Working in Patient Homes
You can be so much more effective as a nurse when visiting patients in their home environments. We hear it over and over from nurses in hospital or clinical settings. When providing care in the home, you don’t have to wonder these things. You get to educate and empower your patients in a way you simply can’t in the hospital.
I wonder what happens to my patients once they’re discharged. Are they getting better?
This patient says he’s watching his sugar, but does he really know how to find hidden sugar in his pantry?
My patient is so interested in going home that I’m not sure she’s really hearing me about how to walk safely on that injured leg.
“You get to hone in on your critical thinking skills, you get to really manage these patients at home.”
When you work in patient homes, you use your own clinical judgment to determine what your patients need.
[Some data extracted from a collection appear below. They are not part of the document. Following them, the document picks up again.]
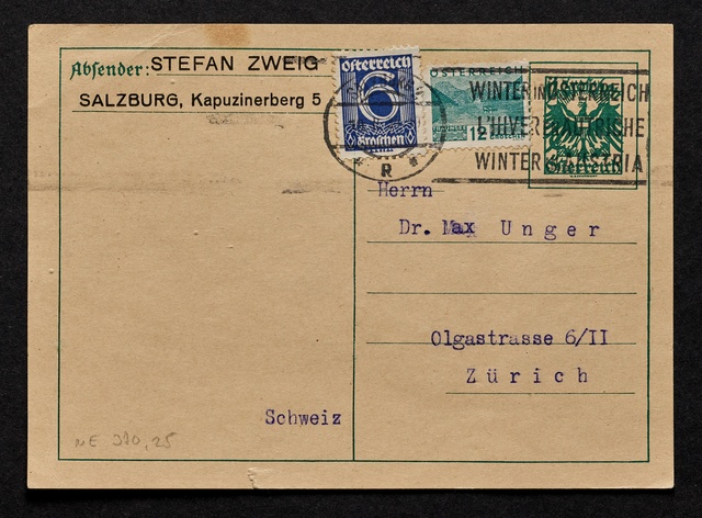 Stefan Zweig, Postkarte an Max Unger, ohne Ort und Datum (London, 25. September 1937), Autograph
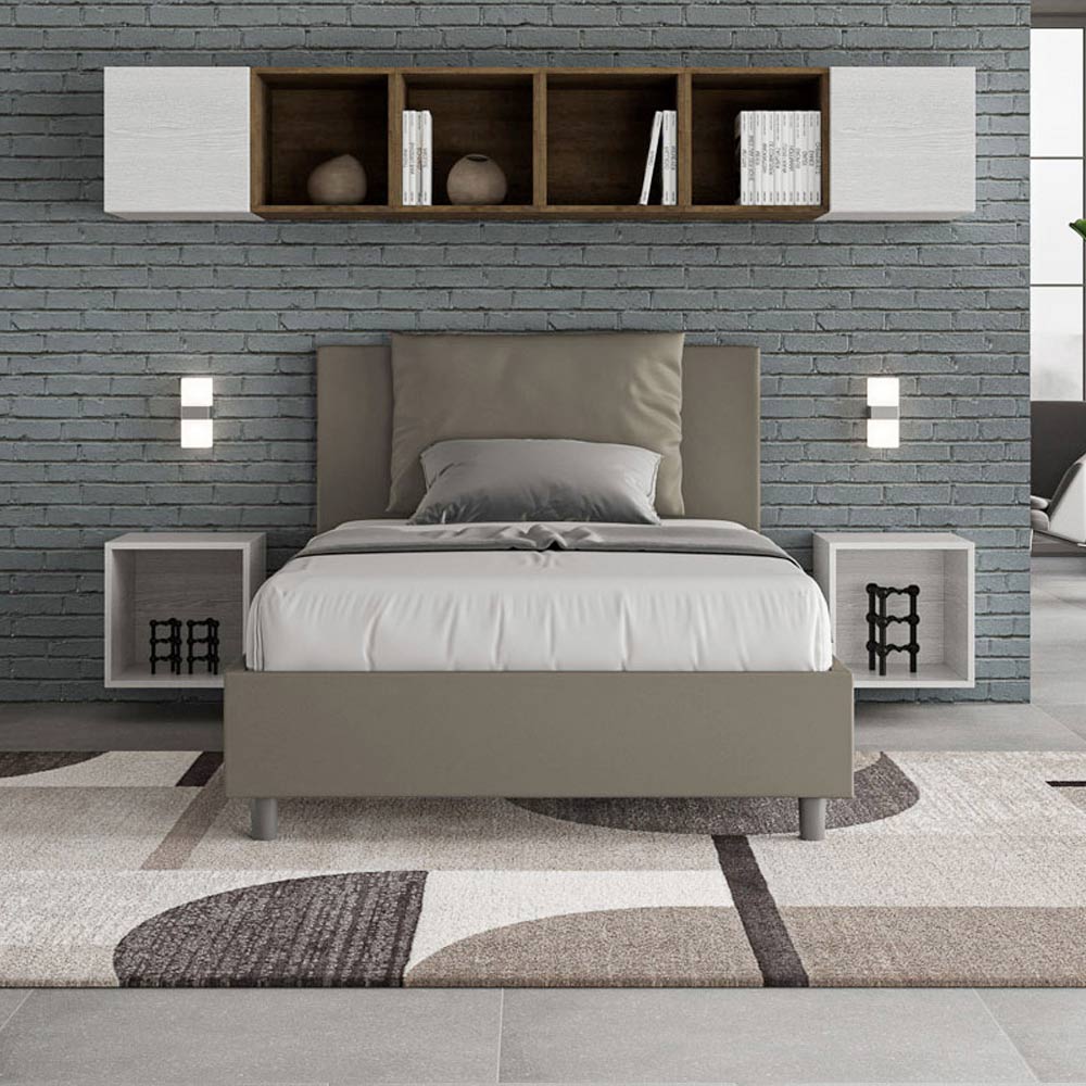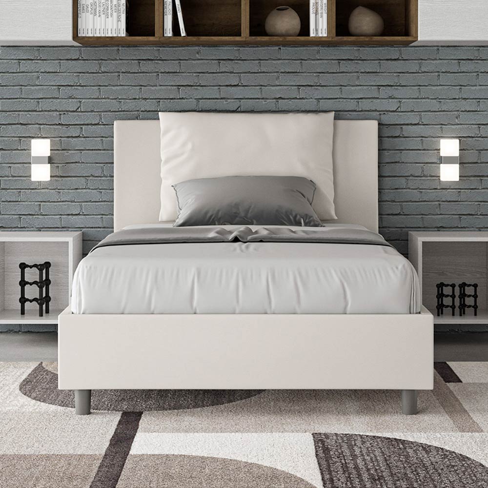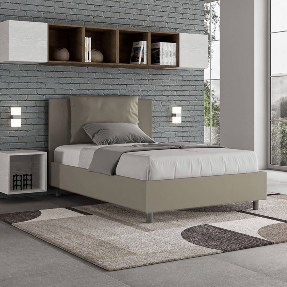 Cama de casal estofada de 120x200 cm, feita de painéis de aglomerado e revestida em imitação de couro , inteiramente fabricada na Itália. Esta cama de casal com estrutura estofada incorpora perfeitamente as vantagens de uma cama estofada: conforto, estilo contemporâneo, funcionalidade e aproveitamento eficiente do espaço . Com sua cabeceira ampla e acolchoada , esta cama oferece um canto relaxante, ideal para leitura ou para assistir TV, valorizando seu quarto. Elegante e sofisticada, esta cama é revestida em couro sintético, facilitando a limpeza: basta passar um pano de microfibra para mantê-la impecável.
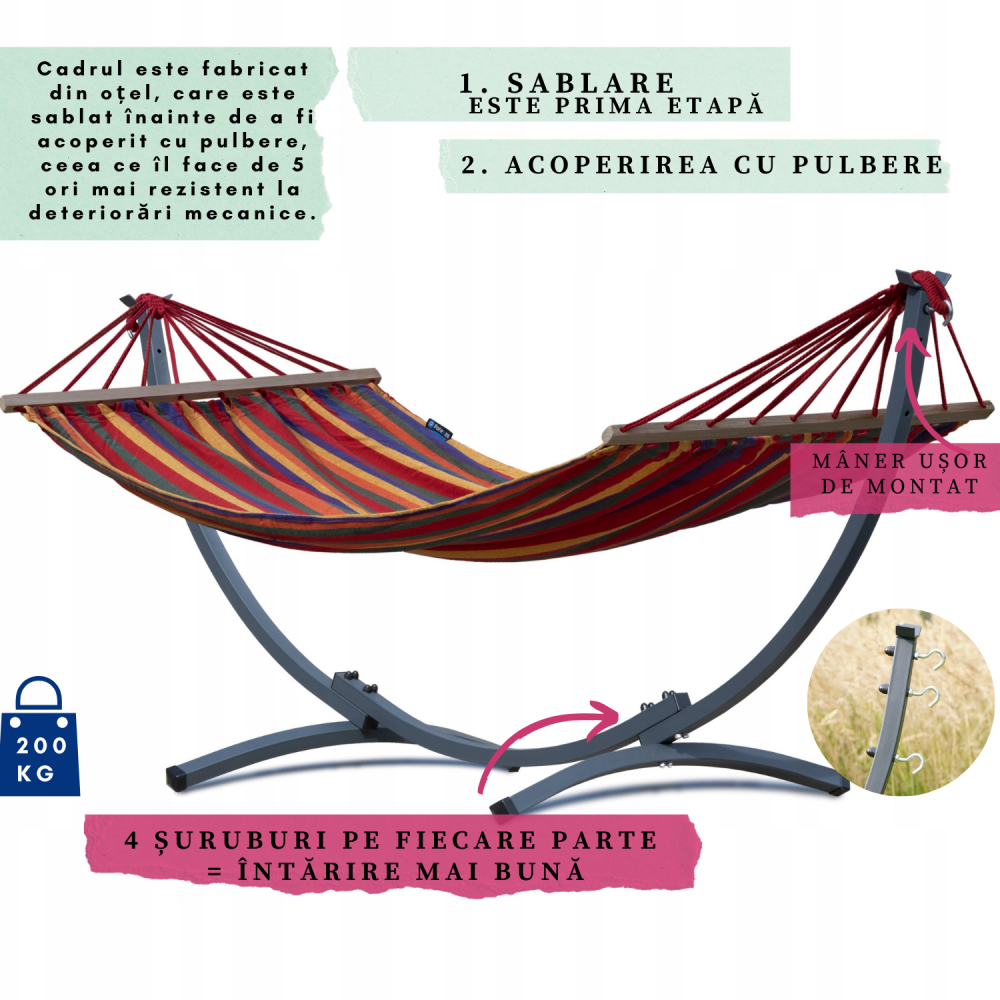 ✔️ Setul include: un cadru -> lungime: 250 cm, înălțime: 110 cm, lățime: 98 cm, capacitate de încărcare: 200 kg, I un hamac cu stâlp 120kg (200x120cm) șuruburi, precum și instrucțiuni clare de asamblare.

Sometimes, it’s an order from the primary care doctor to change a prescription. Maybe it’s education on diabetes management or heart health. It’s you with your patient, one on one.
You can spend the time you need to provide the care you think best. You’re not rushing to the next hospital bed or examining room. Instead, you’re listening, assessing and taking care of your patient. When the visit is over, you can hop in your car, drive to your next patient’s home and spend that valuable 1:1 time with them.
Better Patient Relationships
One of the most common complaints nurses in offices and hospitals have is that they don’t really get to know their patients.
They’re often moving from one room to another, dispensing meds or taking blood pressure, for example. Working in home health or hospice is a whole different ball game.
When you’re caring for a patient in their home, you can watch their progression over time, helping them recover from surgery, build their strength, or, in the case of hospice patients, helping make their final days as easy and meaningful as possible in the comfort of their own homes. What could be more fulfilling?
“You get to follow the patients from the time they get out of the hospital, almost their lowest, to the time they’re independent and better, and no longer need us.“
Eyes on Their Home Life
“It’s nice to be able to go into the hone, see that whole family that’s there and be able to provide them support also.”
It’s just a fact: patients are not as comfortable in a medical office or hospital bed as they are at home. They are more likely to focus on going home rather than what they need to be doing medically or therapeutically.
Patients are much more at ease in their own homes. And you can see the real-life situation they’re in. You can look in the kitchen cupboard of a heart patient and show them how to find sodium content on soup labels. You can see the cluttered stairway of a patient with a knee replacement and educate them and their family about maintaining clear pathways. Hospice clinicians can draw on the advantages of home, like having their family, pets, music and so on in their own familiar surroundings to help maximize patient well-being.